History teachers should also be sure to point their students toward digital archives such as those housed by The Library of Congress, The World Digital Library, and The Commons hosted by Flickr. Additionally, most countries, states, and provinces have digital archives of their own that can be freely searched. Some of the records in these databases may appear in Google search results and some may not. In either case, the records within the archives aren’t likely to rank highly in a Google.com search result and it’s therefore worthwhile to compile a list of the digital archive databases that you think will be helpful to your students. Somewhat ironically, the easiest way to find these archives is to type into Google.com the name of the country, state, or province followed by “digital archive,” “national archive,” “state archive,” “provincial archive,” or simply “archive.”

Another good source of information for student researchers is in the digital archives of libraries, museums and historical preservation societies. The largest of these, like The British Museum and The New York Public Library are well organized and relatively easy to search. Smaller ones like those of small-town historical societies may not have a search function at all. In that case students will have to browse through archives in hopes of finding a useful piece of information.

One of the primary differences between searching for information through Google.com compared to searching through academic databases and digital archives is found in the organization and presentation of search results. Google.com ranks search results based on five key factors; meaning of your query, relevance of webpages, quality of content, usability of webpages, and context and settings. In short, Google is trying to predict what you’re searching for and serve up what its algorithm predicts is the best thing for you to read or watch. The results are therefore a ranking based on that combination of factors and some lesser factors that Google doesn’t always publicly acknowledge. With few exceptions, academic databases and digital archives are not in the prediction game. Their search results pages are based on matching your query to the content of items in their databases.

The difference between how search results are organized and presented matters to students for two reasons. First, in a quest to appear at the top of Google search results website owners often publish material in a quest to satisfy Google’s algorithm which leads to lots of superficial or basic content rather than in-depth academic content.
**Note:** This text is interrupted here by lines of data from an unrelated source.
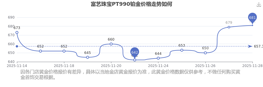 今日(2025年11月30日)富藝珠寶PT990鉑金價(jià)格:681.0元/克。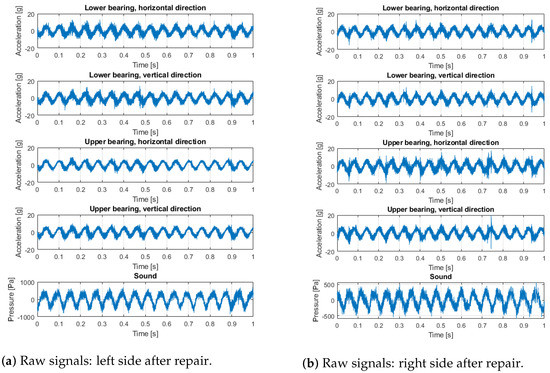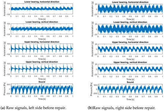 Measurements were made using the Kistler LabAmp 5165A data acquisition system, Kistler 8702B500 accelerometers, and Bruel & Kjaer 4189 microphone. The places and directions of the accelerometers’ installation on both sides of the screen are shown in Figure 5. The sampling frequency of both vibration and sound signals was 50 kHz. The acoustic signal contains all effects from the loudest environmental sources. For this reason, the audio record is only used to validate the main machine operation cycles of shaft rotation observed in the vibration data, since the rotation sensors were not used in these experiments. The raw signals collected on the machine (before bearings replacement—with expected bearings problems—and after bearings replacement with new bearings installed) are presented in Figure 6 and Figure 7. The measurements were taken on the left and right sides of the screen, in two directions.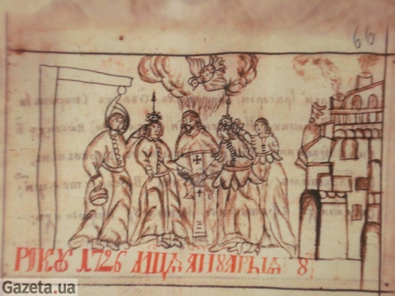 "Самая интересная миниатюра - бракосочетание в городке Куземин, Гадячского полка. Изображено, как священник дает брак - летит Святой дух в виде голубя, стоят молодые. А какой-то человек, который уже испытал сладости брака, дорисовал виселицу и петлю, которая затягивается на горле жениха", - рассказала Путовая.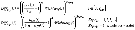 Die Spannungen u1, u2 und uCN werden über den Simulationszeitraum und für jedes Szenario unterschiedlich stark gewichtet. Dadurch werden bestimmte Bereiche eines jeden Szenarios deutlich stärker bewertet, andere Zeitbereiche dafür weniger.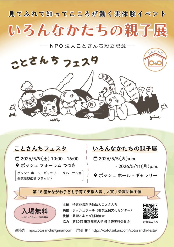 ことさんちフェスタ2026 見てふれて知ってこころが動くイベント ボッシュホール都筑区民文化センター 2026-02-12 by cotopas 誰もが楽しめる場所と時間を 行ってみよう!こころ動かす何かがあります♪ 開催日時 2026年5/9(土)10:00〜16:00 (ギャラリー 5/5(火)〜5/11(月)) Screenshot 詳細決定次第開示 お楽しみに♪ 主催 特定非営利活動法人ことさんち お問合せ✉️はここをクリック
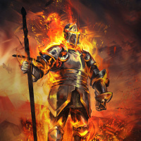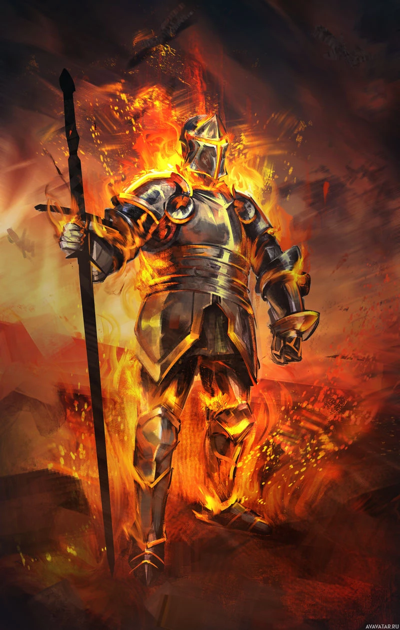 a dramatic sky, possibly indicating a battlefield or a scene of great conflict. Surrounding the warrior are flames that add to the overall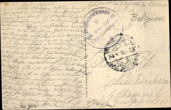 Dt. Feldpost, Truppenstempel, Leib Grenadier Regiment 100, Leib Kompagnie, I WK

Deep, academic content is rarely written to satisfy Google’s algorithm and therefore rarely appears in the first pages of Google search results if at all. Second, the predictive text or suggested search terms provided by Google can lead students into searches that distract them from their original search strategies.

Finally, many academic papers are not indexed by Google at all because they are behind the paywall or login of a database and or the owners of those databases have requested that Google not index their content. Students who rely solely on Google.com for their research needs are missing out on valuable information.